Thiago Cortês

@SouDescortes

“Submissão”: autópsia do Ocidente pós-cristão

“Submissão” é uma distopia elaborada pelo escritor francês Michel Houellebecq. Aliás, a fatídica edição de Charlie Hebdo (que motivou os ataques terroristas contra cartunistas e jornalistas) trazia elogios rasgados a Houellebecq.

O livro traz lições importantes para o mundo de hoje, a começar da desconstrução da visão romântica que se tem do multiculturalismo, do secularismo e, é claro, do próprio Islã e da capacidade do Ocidente de entendê-lo.

Antes de tudo, “Submissão” é uma tradução para a palavra Islã e é contra ela que Houellebecq se levanta.

O protagonista, François, é um acadêmico de meia idade, sem família ou amigos íntimos, especialista em Huysmans, autor que percorreu o caminho espinhoso do niilismo para a mística.

É uma mensagem sutil de Houellebecq sobre o desenrolar da trama.

Charlie Hebdo elogiava o autor em sua última edição. Ele fugiu de Paris

Charlie Hebdo elogiava o autor em suas edições, inclusive na última. Ele fugiu de Paris.

A narrativa se passa em uma França devastada por uma espécie de anemia social: tudo o que antes conectava os indivíduos foi colocado abaixo em nome dos valores do secularismo. Com isso, a identidade nacional do povo francês foi para o lixo.

François personifica o típico sujeito atomizado da democracia liberal moderna: “emancipado” da família e das obrigações matrimoniais, “livre” do amor monogâmico, “libertado” da religião e da crença em uma identidade nacional, enfim, o estágio último de toda a “autonomia” que a modernidade promete.

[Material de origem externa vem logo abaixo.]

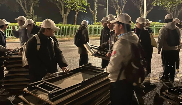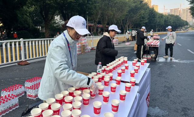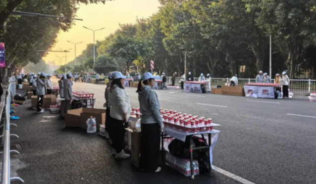 当日凌晨3时,我校青年志愿者们全部集合完毕,准时出发,顺利到达赛场。志愿者整装集结在马拉松沿线的7.5Km和10.5Km饮水站,迅速投入赛前的一系列准备工作当中,做好补给点布置、物资摆放、补给筹备等内容,为即将拉开帷幕的比赛筑牢根基,为参赛选手撑起支持与保障的“大伞”。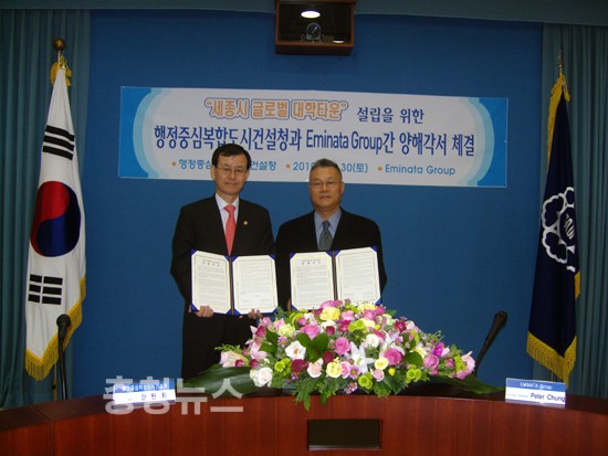 행정중심복합도시건설청(청장 한만희)은 “세종시 글로벌 대학타운” 설립을 위해 캐나다 뱅쿠버 소재 사학재단인 에미나타 그룹(Eminata Group)과 10월30일(토) 양해각서를 체결했다고 밝혔다.

Ele não é o único: em uma das várias metáforas brilhantes do livro, Houellebecq descreve Paris como uma cidade repleta de prédios decadentes. François observa da varanda os apartamentos com luzes acesas, cada qual simbolizando outro solitário como ele.

É da perspectiva de François que acompanhamos a chegada ao poder de Ben Abbas, o líder do partido da Fraternidade Muçulmana. É um típico reformista que combina características pessoais que seduzem a esquerda ( ele é o “outro”, portador de uma sabedoria “alternativa”) com um programa político de rupturas.

Engenharias sociais

Muito carismático, inteligente, charmoso e convicto, Ben Abbas manipula a opinião pública com sua postura supostamente moderada e generosa. Não, não lembra o Obama. Ben Abbas é muito mais inteligente.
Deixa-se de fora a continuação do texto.